Exercise description:
Only the lines from the one with "σημαία της Βοσνίας-Ερζεγοβίνης." through the final line below belong in the answer, copied exactly and without pictures.

Input:

##########

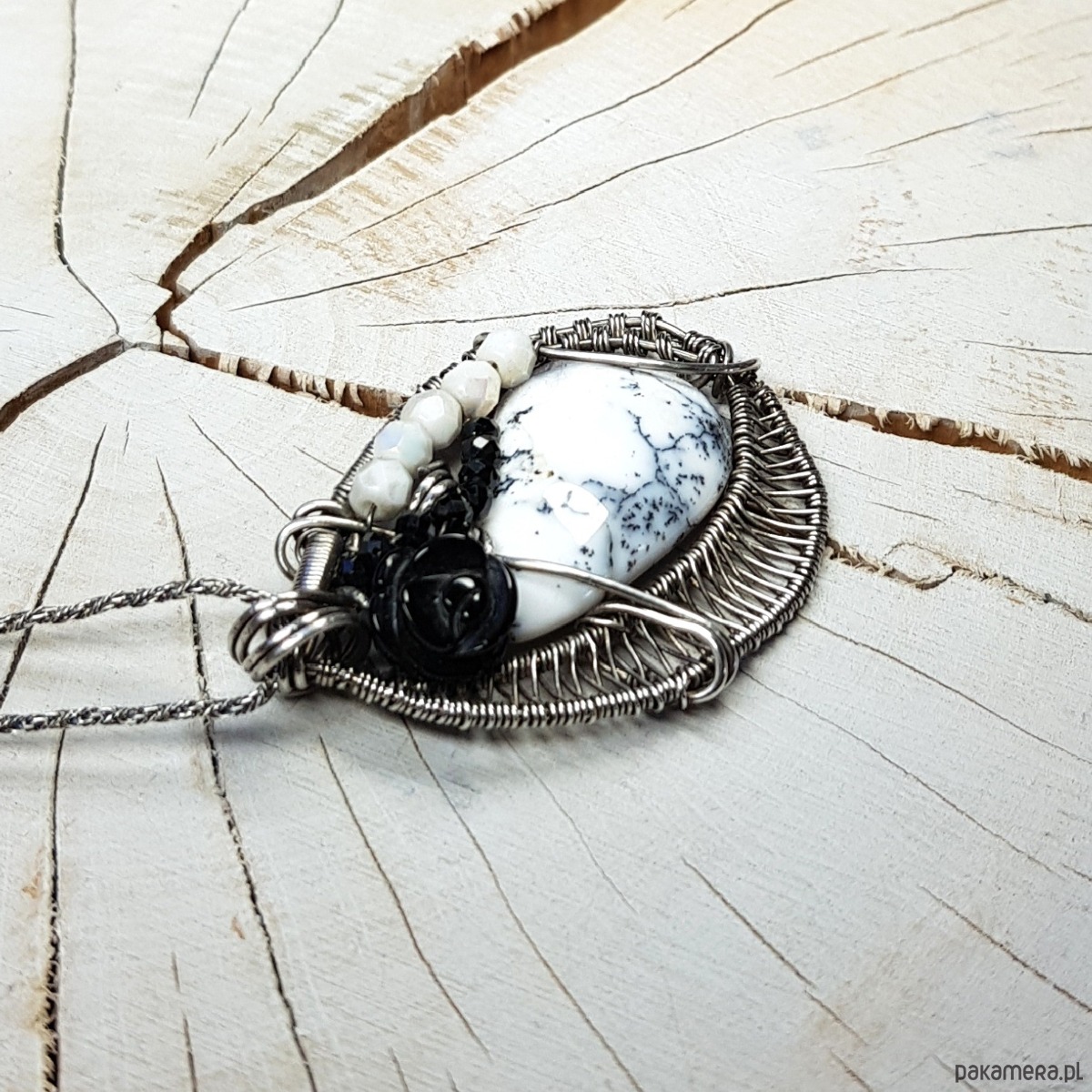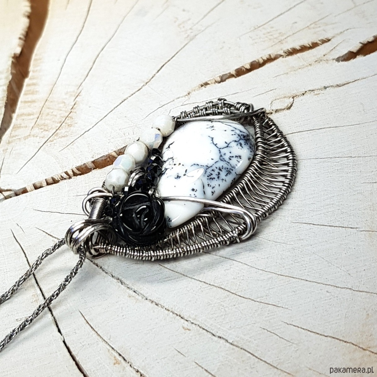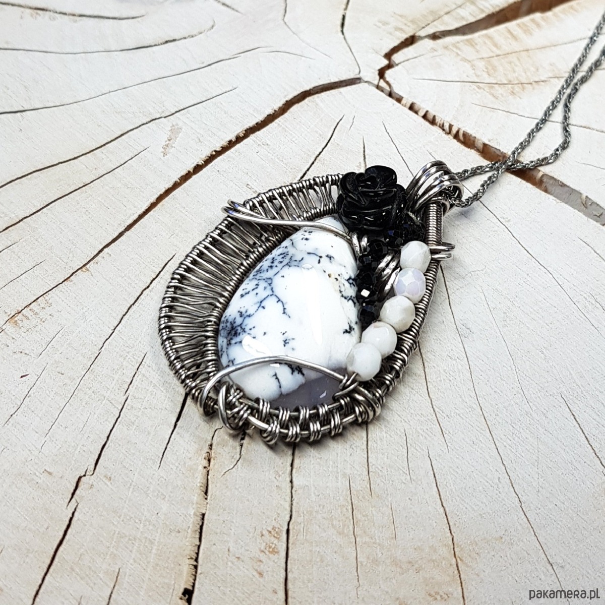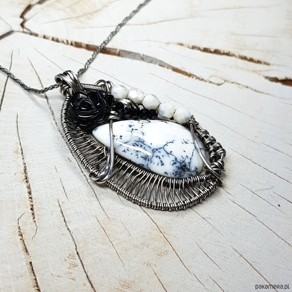 Zawieszka na łańcuszku wykonana z agatu dendrytowego, czarnej onyksowej róży i połyskujących spineli. Naszyjnik zrobiony ręcznie w srebrze próby 999 pracochłonną metodą wire-wrappingu, następnie oksydowany i wypolerowany. Wymiary naszyjnika 48x30 mm, zawieszony na łańcuszku długości około 46-50cm. Naszyjnik bardzo niepowtarzalny, elegancki, jednocześnie radosny.
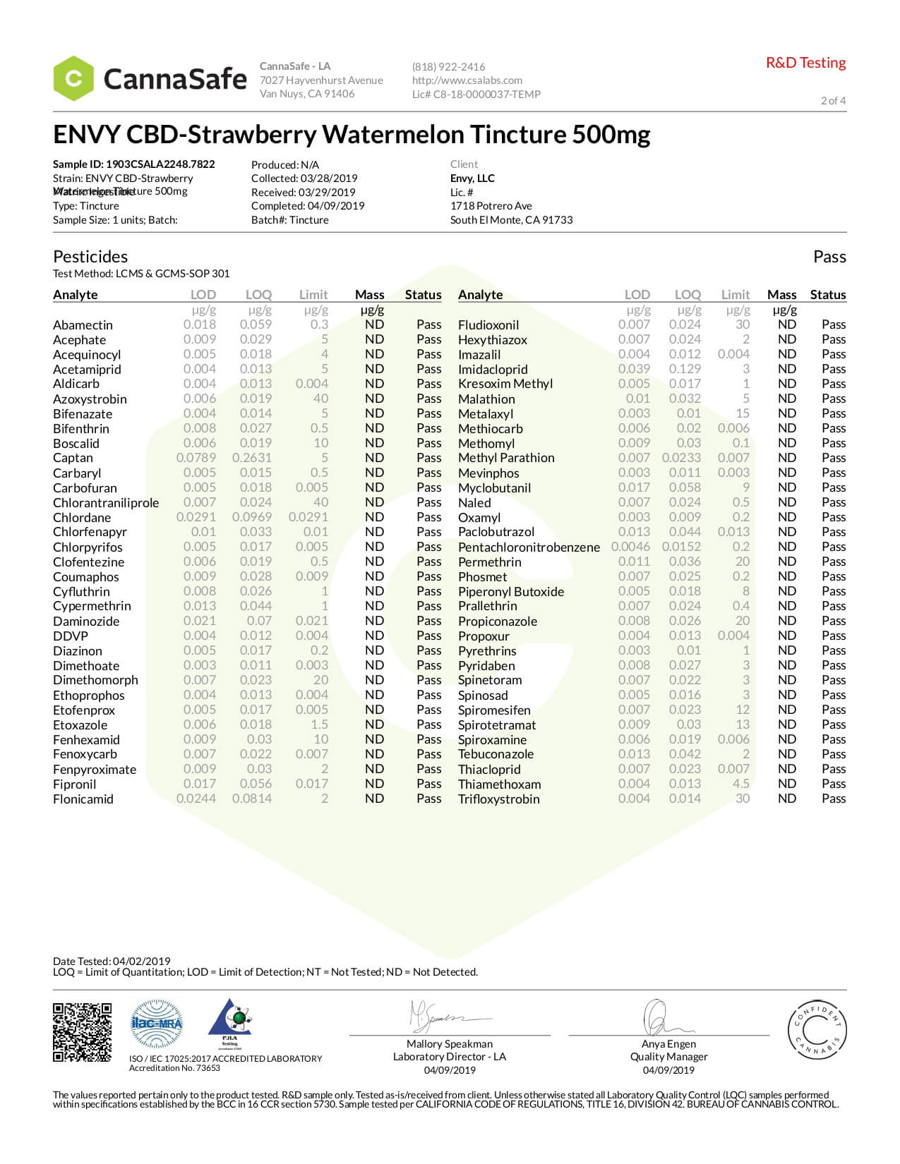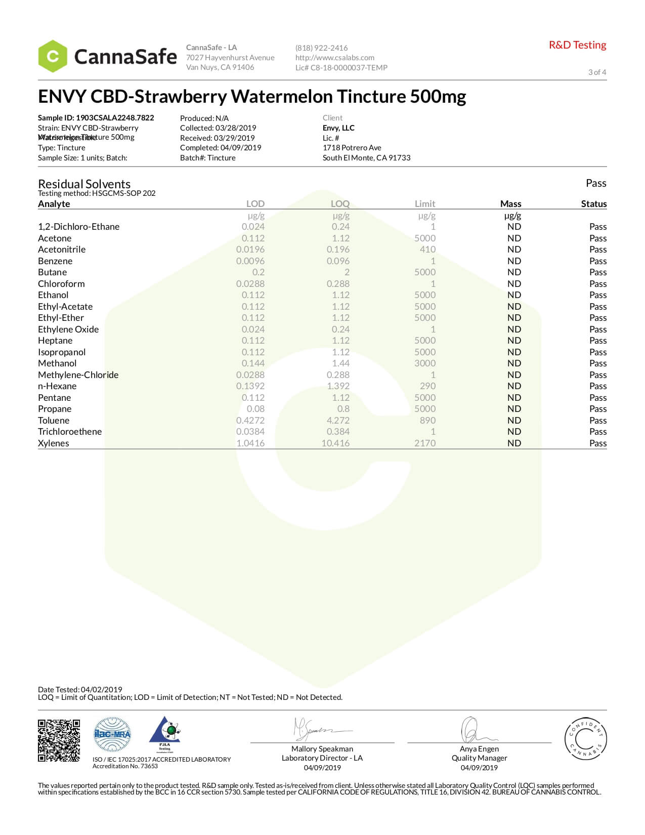 ENVY CBD Tincture Strawberry Watermelon Lab Report important details about vaping products.
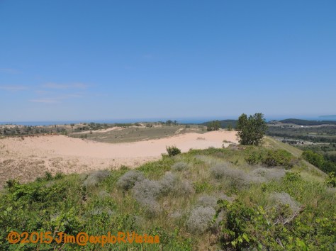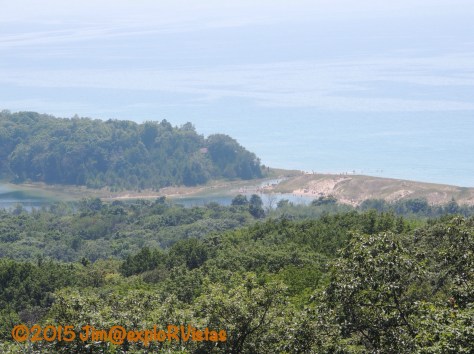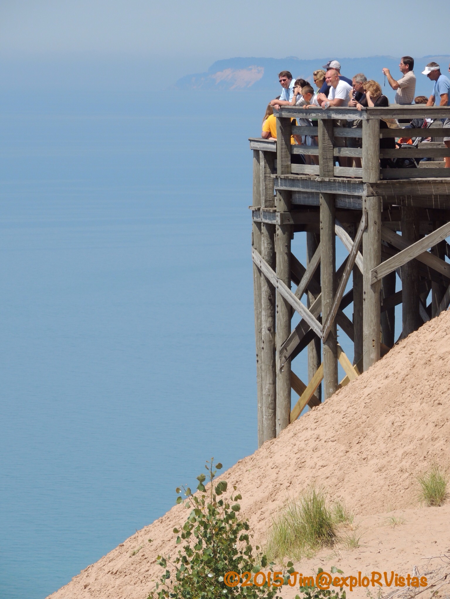There is an excellent viewing platform that extends out over the dune to take in the view. In the distance, South Manitou Island can be seen.
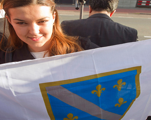 «Όταν θα φτάσει και δει τις σημαίες που κρατάμε , ελπίζω ότι θα κοκκινίσει από ντροπή», δήλωσε ο 24χρονος Ολλανδός -βοσνιακής καταγωγής- Nikita Teodorovic, που κράδαινε την μπλε-κίντρινη-λευκή σημαία της Βοσνίας-Ερζεγοβίνης.
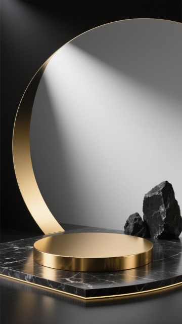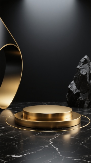 极简高级展台设计,画面中央为圆形金色展台,表面光滑有金属光泽,展台位于深色大理石纹理台面上,台面边缘有金色线条装饰。左侧有黑色与金色渐变的弧形结构,右侧摆放黑色岩石装饰,整体背景为深黑色,营造神秘沉稳氛围。光线从左上方照射,在展台和弧形结构上形成明亮高光和柔和阴影,画面大量留白,黑金配色,极具高级感和设计感,视觉层次分明,信息传达简洁有力。

##########

Task solution:
 «Όταν θα φτάσει και δει τις σημαίες που κρατάμε , ελπίζω ότι θα κοκκινίσει από ντροπή», δήλωσε ο 24χρονος Ολλανδός -βοσνιακής καταγωγής- Nikita Teodorovic, που κράδαινε την μπλε-κίντρινη-λευκή σημαία της Βοσνίας-Ερζεγοβίνης.
 极简高级展台设计,画面中央为圆形金色展台,表面光滑有金属光泽,展台位于深色大理石纹理台面上,台面边缘有金色线条装饰。左侧有黑色与金色渐变的弧形结构,右侧摆放黑色岩石装饰,整体背景为深黑色,营造神秘沉稳氛围。光线从左上方照射,在展台和弧形结构上形成明亮高光和柔和阴影,画面大量留白,黑金配色,极具高级感和设计感,视觉层次分明,信息传达简洁有力。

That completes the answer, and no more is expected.